▶ _WORK INSTRUCTIONS_: Transcribe the records below exactly as they appear, omitting any pictures.

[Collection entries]
== == ==
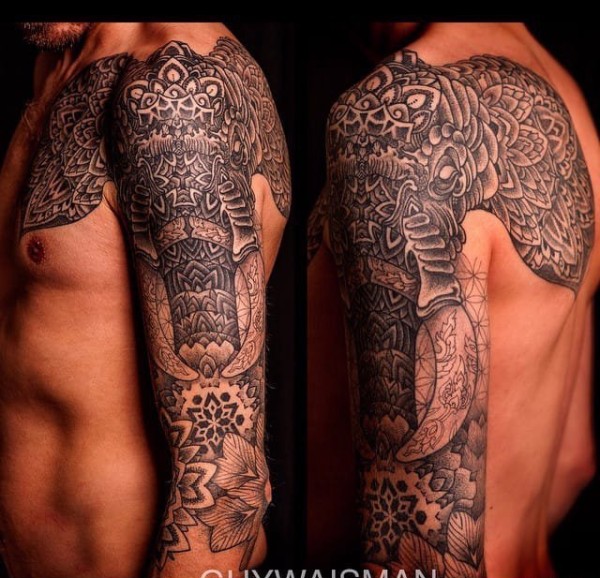 黑色的时尚花臂纹身点刺技巧几何纹身图案
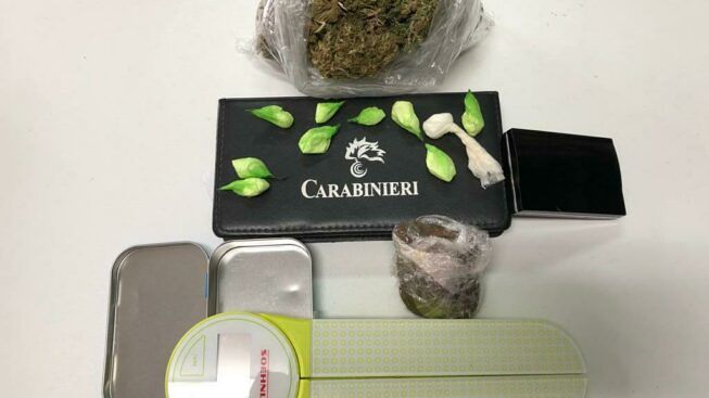 Il controllo dei militari, impegnati un servizio finalizzato al contrasto dei reati in materia di stupefacenti, si è concluso con la scoperta di 44,5 grammi di hashish, 6 grammi di cocaina suddivisa in 9 dosi preconfezionate, 38 grammi di marijuana e 2,3 grammi di sostanza da taglio.
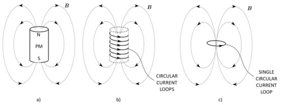 To satisfy the formality, a brief mathematical formulation of the aforementioned physical abstraction is derived in the following section. The magnetic field produced in the space by the PM (Figure 2a) can also be presented as a field evoked by the current loops, as shown in Figure 2b. For simplicity, let us consider a PM model equivalently described only by a single circular steady current loop (Figure 2c). Referring to electromagnetic theory, a magnetic field density around such a structure is defined straightforwardly by Equations (1) and (2) [31].
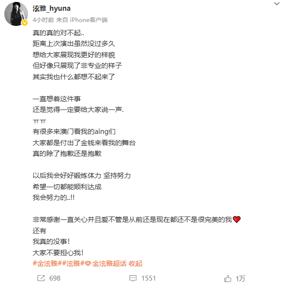 事发当晚10点,泫雅在 Instagram 发布了韩英双语长文,搭配黑色背景图,手写体的笔迹肉眼可见地颤抖。她在文中反复道歉:“真的真的很抱歉,大家都是花钱来看的,却看到这样的场面,我本来想展现最好的状态”。
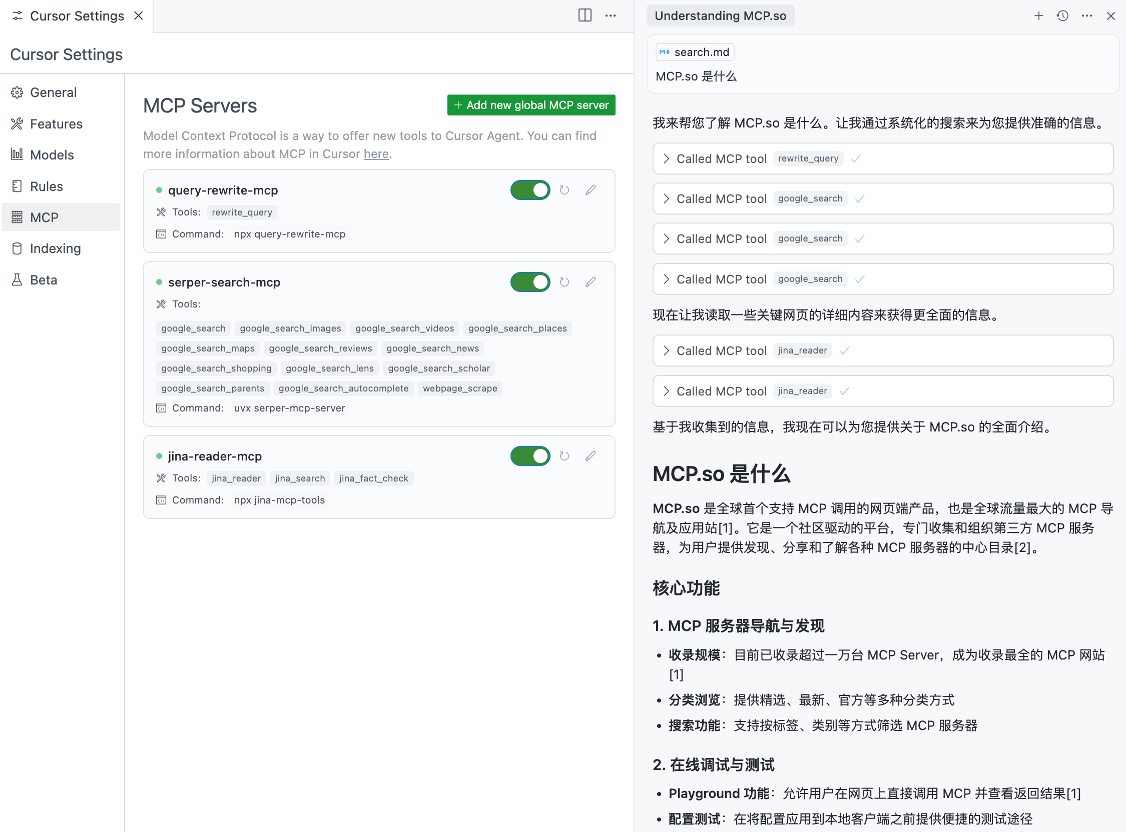 可以看到,Cursor 作为 MCP 客户端,按照提示词约定的工作流与大模型交互,先进行了一次问题改写,再进行了三次联网检索,最后读取了两个网页内容,最终回复查询问题,给出了准确的回答。
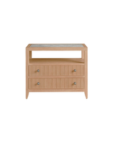 The Carmen Two-Drawer Nightstand is a stylish and functional addition to any bedroom. Its two spacious drawers, adorned with sleek metal ring pulls, offer ample storage for bedside essentials. The open shelf, accented by an inset stone top, adds a touch of luxury and provides a convenient space for displaying books or decorative objects.
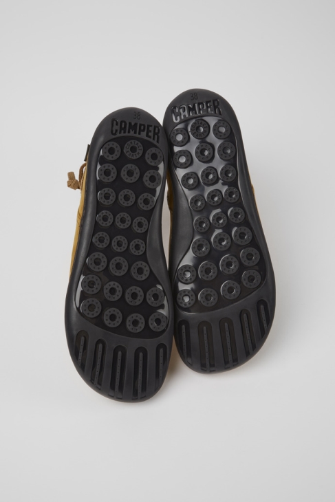 Ανοιχτό καφέ γυναικεία μποτάκια Nubuck με εξωτερική σόλα TPU (20% ανακυκλωμένα). Ένα εικονίδιο Camper που εξελίσσεται με κάθε εποχή, το Peu προσφέρει λειτουργική απλότητα εμπνευσμένη από το περπάτημα ξυπόλητος. Είναι ραμμένο 360 μοιρών και κατασκευασμένο με τεχνική κατασκευής Strobel, που εγγυάται απαράμιλλη ελαστικότητα και ανθεκτικότητα κάτω από οποιεσδήποτε συνθήκες.
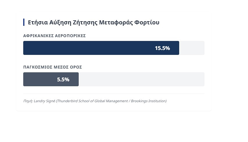 Ο Landry Signé, εκτελεστικός διευθυντής στη Thunderbird School of Global Management του Πανεπιστημίου της Αριζόνα και senior fellow στο Brookings Institution, τόνισε ότι οι αφρικανικές αεροπορικές εταιρείες καταγράφουν τη μεγαλύτερη αύξηση στη ζήτηση μεταφοράς φορτίου παγκοσμίως, με άνοδο 15–16% ετησίως, έναντι παγκόσμιου μέσου όρου 5,5%.
== == ==
▶ _REPLY TO THE TASK_:
 黑色的时尚花臂纹身点刺技巧几何纹身图案
 Il controllo dei militari, impegnati un servizio finalizzato al contrasto dei reati in materia di stupefacenti, si è concluso con la scoperta di 44,5 grammi di hashish, 6 grammi di cocaina suddivisa in 9 dosi preconfezionate, 38 grammi di marijuana e 2,3 grammi di sostanza da taglio.
 To satisfy the formality, a brief mathematical formulation of the aforementioned physical abstraction is derived in the following section. The magnetic field produced in the space by the PM (Figure 2a) can also be presented as a field evoked by the current loops, as shown in Figure 2b. For simplicity, let us consider a PM model equivalently described only by a single circular steady current loop (Figure 2c). Referring to electromagnetic theory, a magnetic field density around such a structure is defined straightforwardly by Equations (1) and (2) [31].
 事发当晚10点,泫雅在 Instagram 发布了韩英双语长文,搭配黑色背景图,手写体的笔迹肉眼可见地颤抖。她在文中反复道歉:“真的真的很抱歉,大家都是花钱来看的,却看到这样的场面,我本来想展现最好的状态”。
 可以看到,Cursor 作为 MCP 客户端,按照提示词约定的工作流与大模型交互,先进行了一次问题改写,再进行了三次联网检索,最后读取了两个网页内容,最终回复查询问题,给出了准确的回答。
 The Carmen Two-Drawer Nightstand is a stylish and functional addition to any bedroom. Its two spacious drawers, adorned with sleek metal ring pulls, offer ample storage for bedside essentials. The open shelf, accented by an inset stone top, adds a touch of luxury and provides a convenient space for displaying books or decorative objects.
 Ανοιχτό καφέ γυναικεία μποτάκια Nubuck με εξωτερική σόλα TPU (20% ανακυκλωμένα). Ένα εικονίδιο Camper που εξελίσσεται με κάθε εποχή, το Peu προσφέρει λειτουργική απλότητα εμπνευσμένη από το περπάτημα ξυπόλητος. Είναι ραμμένο 360 μοιρών και κατασκευασμένο με τεχνική κατασκευής Strobel, που εγγυάται απαράμιλλη ελαστικότητα και ανθεκτικότητα κάτω από οποιεσδήποτε συνθήκες.
 Ο Landry Signé, εκτελεστικός διευθυντής στη Thunderbird School of Global Management του Πανεπιστημίου της Αριζόνα και senior fellow στο Brookings Institution, τόνισε ότι οι αφρικανικές αεροπορικές εταιρείες καταγράφουν τη μεγαλύτερη αύξηση στη ζήτηση μεταφοράς φορτίου παγκοσμίως, με άνοδο 15–16% ετησίως, έναντι παγκόσμιου μέσου όρου 5,5%.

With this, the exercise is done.